Владимир Таланов: В ЕС и Великобритании сложилась немыслимая ранее ситуация, когда российских лиц откровенно дискриминируют на основании их происхождения: введены ограничения на оказание россиянам правовой помощи по вопросам, не касающимся споров. Это сильно осложняет работу в данных юрисдикциях. В Голландии, Швеции, Германии, Люксембурге непросто и в тех ситуациях, когда речь идет о судебных и арбитражных разбирательствах. Стало сложнее найти консультантов того уровня, к которому привыкли мы и наши доверители. Выросли и трудозатраты на координацию и контроль качества. К счастью, нас выручают большой опыт и наработанная база контактов, так как мы всегда работали по системе «одного окна».
Е. Р.: Важно понимать, что мы исторически представляли не только интересы российских доверителей, но и крупного иностранного бизнеса в процессах как в России, так и за рубежом. У бюро всегда была внушительная доля иностранных мандатов, исключительных по сложности и профессиональному вызову. Этот бэкграунд сейчас как нельзя кстати: мы сохранили и опираемся на сеть проверенных best friends — наших многолетних экспертов в западных странах, которые продолжают с нами работать.
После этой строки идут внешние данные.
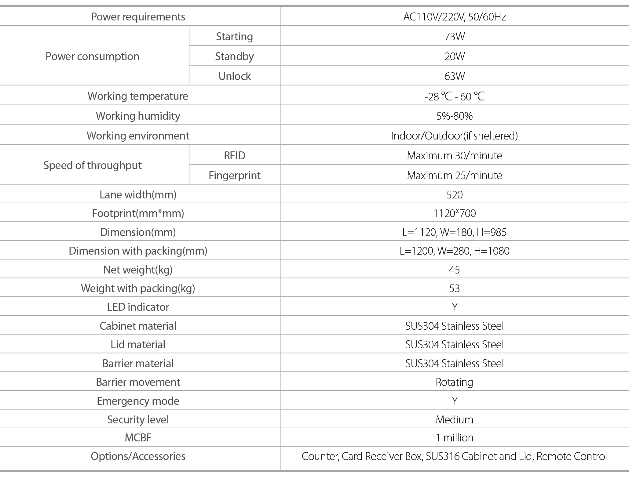 Setelah pembaca TS2100 (RFID dan / atau sidik jari) secara positif mengenali kartu akses yang valid atau sidik jari, lengan tripodnya terbuka, sehingga memungkinkanbagian pengguna ke sisi aman.

Плюс ко всему в бюро исторически есть своя команда юристов, квалифицированных по иностранному праву, что позволяет в существенной степени вести подготовку позиции своими силами. В команде сегодня есть адвокаты, квалифицированные по праву Англии и США, специалисты с европейским образованием и пониманием того, как работают эти юрисдикции. В 2024 году к нашей команде присоединился партнер Тим Тэйлор, опытный эксперт в области международных споров и розыска активов.
Важно, что, несмотря на все внешние обстоятельства, взаимное уважение к адвокатской, юридической профессии сохраняется. Все понимают, что без адвокатов мы остаемся один на один с проблемами, возникшими за счет геополитических факторов, которые завтра не исчезнут.
- Что изменилось для бизнеса, который приходит за помощью к российским юристам по зарубежным спорам, и для самих юристов?
В. Т.: Содержательно для нас мало что изменилось. И раньше, и сейчас мы продолжаем выигрывать споры — к примеру, осенью 2022 года мы выиграли крупный строительный спор за рубежом в интересах российского инвестора. Тогда с трудом верилось, что возможны такие положительные решения в пользу россиян. Вот уже полтора года нам удается удержать обеспечительные меры против европейского контрагента в пользу российской компании на сумму в несколько миллиардов евро на территории государства—члена ЕС, хотя изначально все предполагали, что в текущей ситуации это будет невозможно. Так что с точки зрения нашей работы стандарты остались неизменными.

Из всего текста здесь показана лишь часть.